- _WORK TO COMPLETE_: Find each line below where the word "Segment" occurs, and copy it.

- _SUPPLIED INFORMATION_:
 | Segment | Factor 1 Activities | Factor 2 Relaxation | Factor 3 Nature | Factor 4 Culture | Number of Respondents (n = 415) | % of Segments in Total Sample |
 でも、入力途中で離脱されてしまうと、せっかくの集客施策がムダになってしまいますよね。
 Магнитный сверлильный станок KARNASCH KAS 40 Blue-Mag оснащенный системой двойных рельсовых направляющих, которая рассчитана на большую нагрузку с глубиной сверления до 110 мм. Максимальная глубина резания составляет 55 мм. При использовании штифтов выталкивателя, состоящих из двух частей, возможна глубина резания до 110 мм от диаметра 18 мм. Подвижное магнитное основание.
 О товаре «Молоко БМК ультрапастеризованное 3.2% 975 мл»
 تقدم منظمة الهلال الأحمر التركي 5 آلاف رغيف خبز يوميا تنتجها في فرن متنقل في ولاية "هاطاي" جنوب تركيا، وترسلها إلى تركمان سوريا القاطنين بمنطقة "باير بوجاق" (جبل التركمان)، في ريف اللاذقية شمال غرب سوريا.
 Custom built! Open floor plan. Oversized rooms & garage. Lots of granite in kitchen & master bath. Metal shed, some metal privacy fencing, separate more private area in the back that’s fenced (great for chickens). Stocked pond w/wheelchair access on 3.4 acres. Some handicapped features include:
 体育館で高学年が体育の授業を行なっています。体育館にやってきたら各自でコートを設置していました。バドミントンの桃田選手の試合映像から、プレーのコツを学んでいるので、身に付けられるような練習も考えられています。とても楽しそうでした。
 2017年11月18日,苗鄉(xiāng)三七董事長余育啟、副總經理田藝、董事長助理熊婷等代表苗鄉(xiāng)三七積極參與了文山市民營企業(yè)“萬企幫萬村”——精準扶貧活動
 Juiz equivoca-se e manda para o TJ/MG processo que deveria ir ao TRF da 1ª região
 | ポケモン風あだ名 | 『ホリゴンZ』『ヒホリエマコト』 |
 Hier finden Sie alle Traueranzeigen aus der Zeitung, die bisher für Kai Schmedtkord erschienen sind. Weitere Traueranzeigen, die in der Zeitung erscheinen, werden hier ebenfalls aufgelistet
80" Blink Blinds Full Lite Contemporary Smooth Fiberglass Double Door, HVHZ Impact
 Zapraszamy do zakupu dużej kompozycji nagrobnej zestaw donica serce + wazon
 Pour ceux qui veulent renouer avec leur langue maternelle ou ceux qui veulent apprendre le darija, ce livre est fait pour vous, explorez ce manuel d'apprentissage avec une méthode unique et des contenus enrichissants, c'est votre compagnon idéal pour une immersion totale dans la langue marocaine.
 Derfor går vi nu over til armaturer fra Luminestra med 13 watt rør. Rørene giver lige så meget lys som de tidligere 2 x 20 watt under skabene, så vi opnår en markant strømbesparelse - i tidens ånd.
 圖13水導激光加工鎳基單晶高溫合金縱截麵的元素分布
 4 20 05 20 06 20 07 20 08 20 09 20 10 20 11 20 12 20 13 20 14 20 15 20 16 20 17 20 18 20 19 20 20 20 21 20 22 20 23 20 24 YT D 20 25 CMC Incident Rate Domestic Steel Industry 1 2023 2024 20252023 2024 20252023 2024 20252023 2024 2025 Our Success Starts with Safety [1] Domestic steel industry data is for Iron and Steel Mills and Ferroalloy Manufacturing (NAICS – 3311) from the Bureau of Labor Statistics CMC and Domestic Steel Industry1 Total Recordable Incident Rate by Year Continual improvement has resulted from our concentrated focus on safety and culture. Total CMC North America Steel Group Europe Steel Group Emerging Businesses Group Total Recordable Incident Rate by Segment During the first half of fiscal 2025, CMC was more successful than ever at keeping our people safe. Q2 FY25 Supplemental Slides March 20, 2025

- _EXPECTED ANSWER_:
 | Segment | Factor 1 Activities | Factor 2 Relaxation | Factor 3 Nature | Factor 4 Culture | Number of Respondents (n = 415) | % of Segments in Total Sample |
 4 20 05 20 06 20 07 20 08 20 09 20 10 20 11 20 12 20 13 20 14 20 15 20 16 20 17 20 18 20 19 20 20 20 21 20 22 20 23 20 24 YT D 20 25 CMC Incident Rate Domestic Steel Industry 1 2023 2024 20252023 2024 20252023 2024 20252023 2024 2025 Our Success Starts with Safety [1] Domestic steel industry data is for Iron and Steel Mills and Ferroalloy Manufacturing (NAICS – 3311) from the Bureau of Labor Statistics CMC and Domestic Steel Industry1 Total Recordable Incident Rate by Year Continual improvement has resulted from our concentrated focus on safety and culture. Total CMC North America Steel Group Europe Steel Group Emerging Businesses Group Total Recordable Incident Rate by Segment During the first half of fiscal 2025, CMC was more successful than ever at keeping our people safe. Q2 FY25 Supplemental Slides March 20, 2025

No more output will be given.